● What the exercise asks
Your reply should reproduce each entry exactly and contain no pictures.
Supplied material: Begin
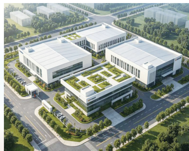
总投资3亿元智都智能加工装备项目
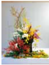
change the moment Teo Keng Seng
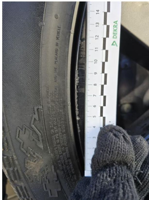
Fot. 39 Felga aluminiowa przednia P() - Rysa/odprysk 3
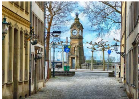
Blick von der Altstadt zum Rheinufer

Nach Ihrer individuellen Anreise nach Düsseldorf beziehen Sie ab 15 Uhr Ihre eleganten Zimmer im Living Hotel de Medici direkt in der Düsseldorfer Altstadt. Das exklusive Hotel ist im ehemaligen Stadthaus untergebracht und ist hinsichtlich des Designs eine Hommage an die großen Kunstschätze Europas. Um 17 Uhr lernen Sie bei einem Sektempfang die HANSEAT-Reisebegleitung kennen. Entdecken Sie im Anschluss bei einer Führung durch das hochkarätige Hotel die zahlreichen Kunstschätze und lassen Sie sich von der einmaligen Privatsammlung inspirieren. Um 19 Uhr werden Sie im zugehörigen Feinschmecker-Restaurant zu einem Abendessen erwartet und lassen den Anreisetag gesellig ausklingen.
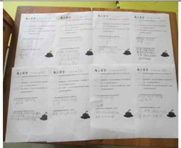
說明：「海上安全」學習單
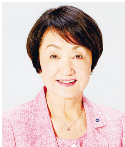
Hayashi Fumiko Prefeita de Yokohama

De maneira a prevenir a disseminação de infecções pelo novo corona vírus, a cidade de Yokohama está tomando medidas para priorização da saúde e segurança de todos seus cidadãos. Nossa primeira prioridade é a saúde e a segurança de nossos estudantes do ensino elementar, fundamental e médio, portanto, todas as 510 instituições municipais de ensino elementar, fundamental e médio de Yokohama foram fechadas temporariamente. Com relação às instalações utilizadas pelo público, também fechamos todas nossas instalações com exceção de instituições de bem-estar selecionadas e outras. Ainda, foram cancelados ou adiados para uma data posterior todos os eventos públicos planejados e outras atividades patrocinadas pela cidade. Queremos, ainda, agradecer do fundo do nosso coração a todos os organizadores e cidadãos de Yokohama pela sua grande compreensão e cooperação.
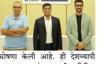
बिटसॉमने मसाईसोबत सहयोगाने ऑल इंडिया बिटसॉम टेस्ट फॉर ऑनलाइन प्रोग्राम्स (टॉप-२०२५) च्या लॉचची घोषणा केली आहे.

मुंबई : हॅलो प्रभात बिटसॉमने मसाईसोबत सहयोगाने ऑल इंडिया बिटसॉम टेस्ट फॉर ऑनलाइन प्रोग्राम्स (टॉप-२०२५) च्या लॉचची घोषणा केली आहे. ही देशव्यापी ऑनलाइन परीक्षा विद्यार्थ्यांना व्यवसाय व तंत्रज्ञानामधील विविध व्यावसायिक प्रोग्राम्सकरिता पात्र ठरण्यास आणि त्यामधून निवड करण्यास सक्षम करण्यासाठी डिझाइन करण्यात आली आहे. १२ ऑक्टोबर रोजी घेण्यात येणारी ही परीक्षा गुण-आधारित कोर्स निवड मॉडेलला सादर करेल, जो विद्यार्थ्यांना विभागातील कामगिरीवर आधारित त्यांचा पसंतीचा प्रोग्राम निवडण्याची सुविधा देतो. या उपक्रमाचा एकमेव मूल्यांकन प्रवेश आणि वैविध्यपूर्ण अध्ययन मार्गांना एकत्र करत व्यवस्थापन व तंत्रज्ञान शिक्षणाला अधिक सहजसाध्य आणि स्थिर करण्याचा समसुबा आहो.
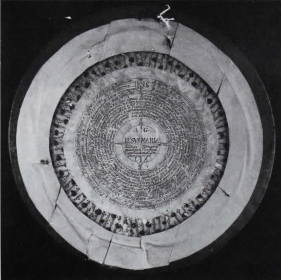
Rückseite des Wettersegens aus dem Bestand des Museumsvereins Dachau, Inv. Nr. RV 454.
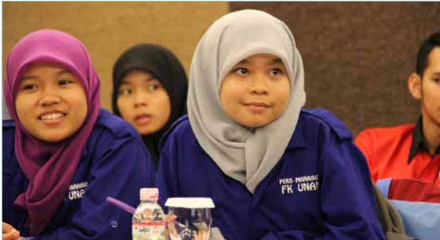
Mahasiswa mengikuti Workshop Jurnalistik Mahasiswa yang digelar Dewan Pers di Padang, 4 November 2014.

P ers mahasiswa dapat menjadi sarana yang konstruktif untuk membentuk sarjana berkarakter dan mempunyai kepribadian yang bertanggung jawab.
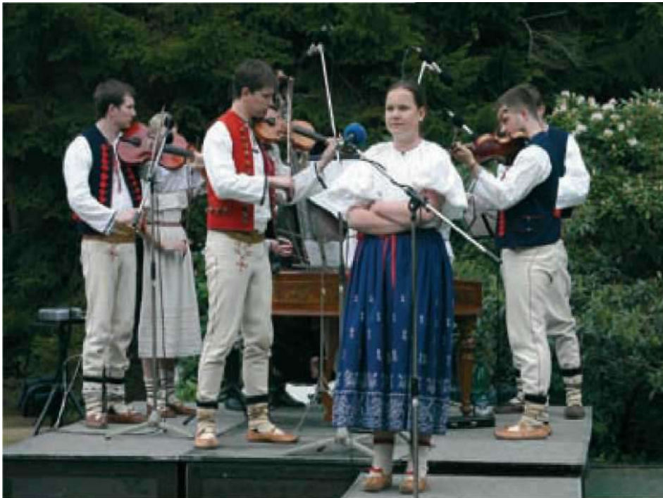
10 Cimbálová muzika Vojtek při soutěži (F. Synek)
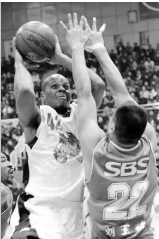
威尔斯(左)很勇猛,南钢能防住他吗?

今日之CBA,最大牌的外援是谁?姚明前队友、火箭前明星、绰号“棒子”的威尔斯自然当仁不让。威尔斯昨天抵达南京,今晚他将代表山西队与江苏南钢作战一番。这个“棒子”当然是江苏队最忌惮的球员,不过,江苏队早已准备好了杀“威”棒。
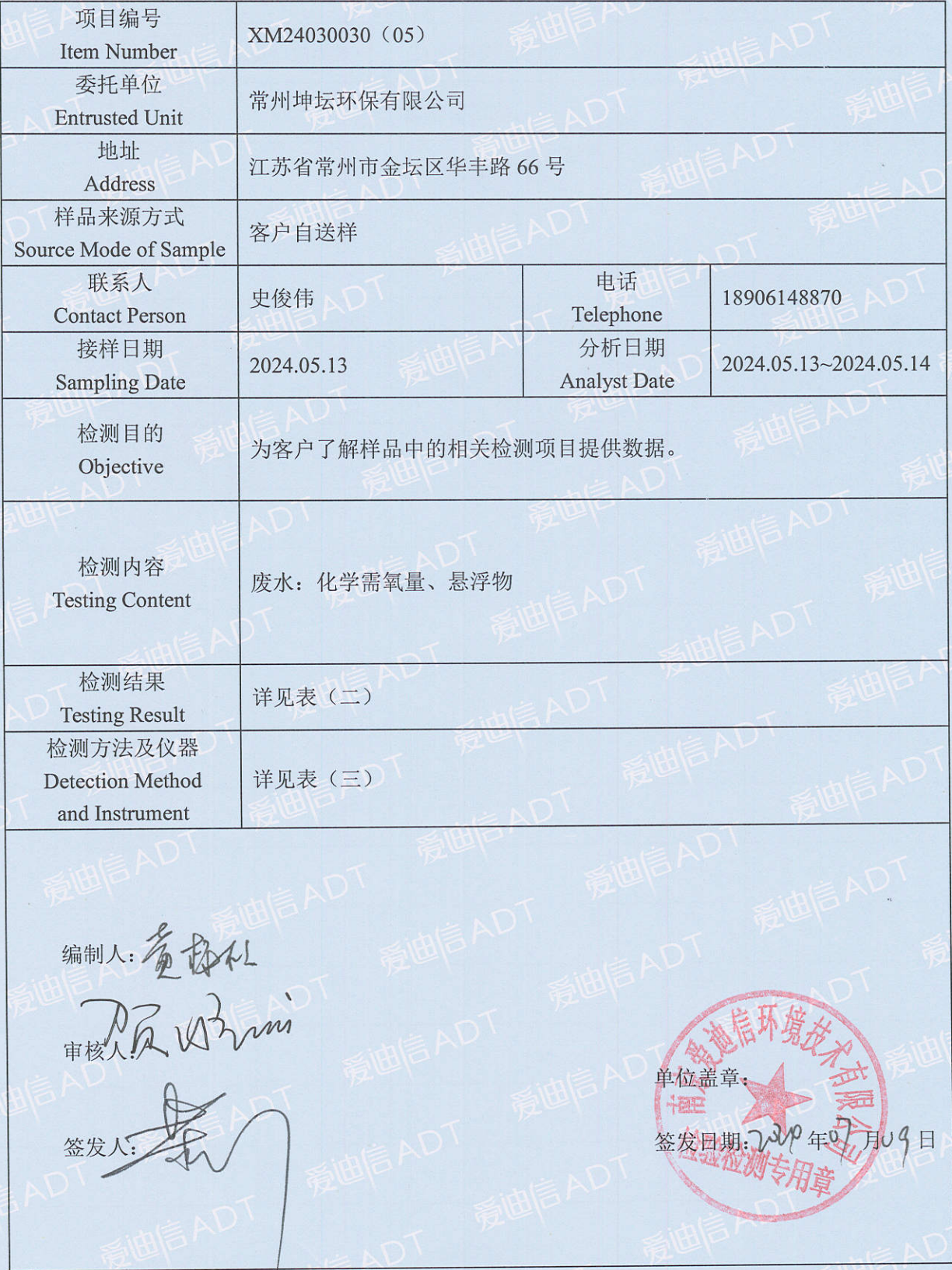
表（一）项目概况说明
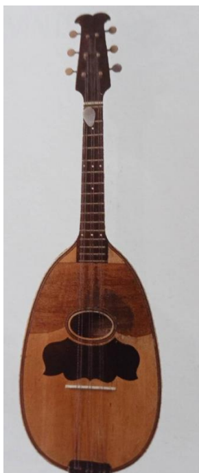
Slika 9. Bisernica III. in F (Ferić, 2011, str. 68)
Supplied material: End
● Answer for this exercise
总投资3亿元智都智能加工装备项目
change the moment Teo Keng Seng
Fot. 39 Felga aluminiowa przednia P() - Rysa/odprysk 3
Blick von der Altstadt zum Rheinufer

Nach Ihrer individuellen Anreise nach Düsseldorf beziehen Sie ab 15 Uhr Ihre eleganten Zimmer im Living Hotel de Medici direkt in der Düsseldorfer Altstadt. Das exklusive Hotel ist im ehemaligen Stadthaus untergebracht und ist hinsichtlich des Designs eine Hommage an die großen Kunstschätze Europas. Um 17 Uhr lernen Sie bei einem Sektempfang die HANSEAT-Reisebegleitung kennen. Entdecken Sie im Anschluss bei einer Führung durch das hochkarätige Hotel die zahlreichen Kunstschätze und lassen Sie sich von der einmaligen Privatsammlung inspirieren. Um 19 Uhr werden Sie im zugehörigen Feinschmecker-Restaurant zu einem Abendessen erwartet und lassen den Anreisetag gesellig ausklingen.
說明：「海上安全」學習單
Hayashi Fumiko Prefeita de Yokohama

De maneira a prevenir a disseminação de infecções pelo novo corona vírus, a cidade de Yokohama está tomando medidas para priorização da saúde e segurança de todos seus cidadãos. Nossa primeira prioridade é a saúde e a segurança de nossos estudantes do ensino elementar, fundamental e médio, portanto, todas as 510 instituições municipais de ensino elementar, fundamental e médio de Yokohama foram fechadas temporariamente. Com relação às instalações utilizadas pelo público, também fechamos todas nossas instalações com exceção de instituições de bem-estar selecionadas e outras. Ainda, foram cancelados ou adiados para uma data posterior todos os eventos públicos planejados e outras atividades patrocinadas pela cidade. Queremos, ainda, agradecer do fundo do nosso coração a todos os organizadores e cidadãos de Yokohama pela sua grande compreensão e cooperação.
बिटसॉमने मसाईसोबत सहयोगाने ऑल इंडिया बिटसॉम टेस्ट फॉर ऑनलाइन प्रोग्राम्स (टॉप-२०२५) च्या लॉचची घोषणा केली आहे.

मुंबई : हॅलो प्रभात बिटसॉमने मसाईसोबत सहयोगाने ऑल इंडिया बिटसॉम टेस्ट फॉर ऑनलाइन प्रोग्राम्स (टॉप-२०२५) च्या लॉचची घोषणा केली आहे. ही देशव्यापी ऑनलाइन परीक्षा विद्यार्थ्यांना व्यवसाय व तंत्रज्ञानामधील विविध व्यावसायिक प्रोग्राम्सकरिता पात्र ठरण्यास आणि त्यामधून निवड करण्यास सक्षम करण्यासाठी डिझाइन करण्यात आली आहे. १२ ऑक्टोबर रोजी घेण्यात येणारी ही परीक्षा गुण-आधारित कोर्स निवड मॉडेलला सादर करेल, जो विद्यार्थ्यांना विभागातील कामगिरीवर आधारित त्यांचा पसंतीचा प्रोग्राम निवडण्याची सुविधा देतो. या उपक्रमाचा एकमेव मूल्यांकन प्रवेश आणि वैविध्यपूर्ण अध्ययन मार्गांना एकत्र करत व्यवस्थापन व तंत्रज्ञान शिक्षणाला अधिक सहजसाध्य आणि स्थिर करण्याचा समसुबा आहो.
Rückseite des Wettersegens aus dem Bestand des Museumsvereins Dachau, Inv. Nr. RV 454.
Mahasiswa mengikuti Workshop Jurnalistik Mahasiswa yang digelar Dewan Pers di Padang, 4 November 2014.

P ers mahasiswa dapat menjadi sarana yang konstruktif untuk membentuk sarjana berkarakter dan mempunyai kepribadian yang bertanggung jawab.
10 Cimbálová muzika Vojtek při soutěži (F. Synek)
威尔斯(左)很勇猛,南钢能防住他吗?

今日之CBA,最大牌的外援是谁?姚明前队友、火箭前明星、绰号“棒子”的威尔斯自然当仁不让。威尔斯昨天抵达南京,今晚他将代表山西队与江苏南钢作战一番。这个“棒子”当然是江苏队最忌惮的球员,不过,江苏队早已准备好了杀“威”棒。
表（一）项目概况说明
Slika 9. Bisernica III. in F (Ferić, 2011, str. 68)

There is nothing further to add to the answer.